Optimization Toolbox
- Developer(s): MathWorks
- Stable release: R2018a / March 16, 2018
- Operating system: Cross-platform
- Type: List of optimization software
- License: Proprietary
- Website: Optimization Toolbox

= Optimization Toolbox =

Optimization Toolbox is an optimization software package developed by MathWorks. It is an add-on product to MATLAB, and provides a library of solvers that can be used from the MATLAB environment. The toolbox was first released for MATLAB in 1990.

== Optimization algorithms ==

Optimization Toolbox has algorithms for:
- Linear programming
- Mixed-integer linear programming
- Quadratic programming
- Nonlinear programming
- Linear least squares
- Nonlinear least squares
- Nonlinear equation solving
- Multi-objective optimization

== Applications ==

=== Engineering Optimization ===

Optimization Toolbox solvers are used for engineering applications in MATLAB, such as optimal control and optimal mechanical designs.

=== Parameter Estimation ===

Optimization can help with fitting a model to data, where the goal is to identify the model parameters that minimize the difference between simulated and experimental data.
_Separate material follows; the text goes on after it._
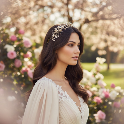 Evoke spellbinding beauty with the ethereal femininity of this breathtaking vine. Rich with delicate hand painted leaves, freshwater pearls and sparkling crystals, this intricate piece is sure to delight. Delicate crystal drops and pearl petalled flowers evoke the beauty of a fairytale wedding, where noble princes, white horses and magical castles hold sway. Embrace the magic of your story with this enchanting headpiece, fit for a princess on her special day.

Common parameter estimation problems that are solved with Optimization Toolbox include estimating material parameters and estimating coefficients of ordinary differential equations.

=== Computational Finance ===

Portfolio optimization, cashflow matching, and other computational finance problems are solved with Optimization Toolbox.

=== Utilities and Energy ===

Optimization Toolbox solvers are used for security constrained optimal power flow and power systems analysis.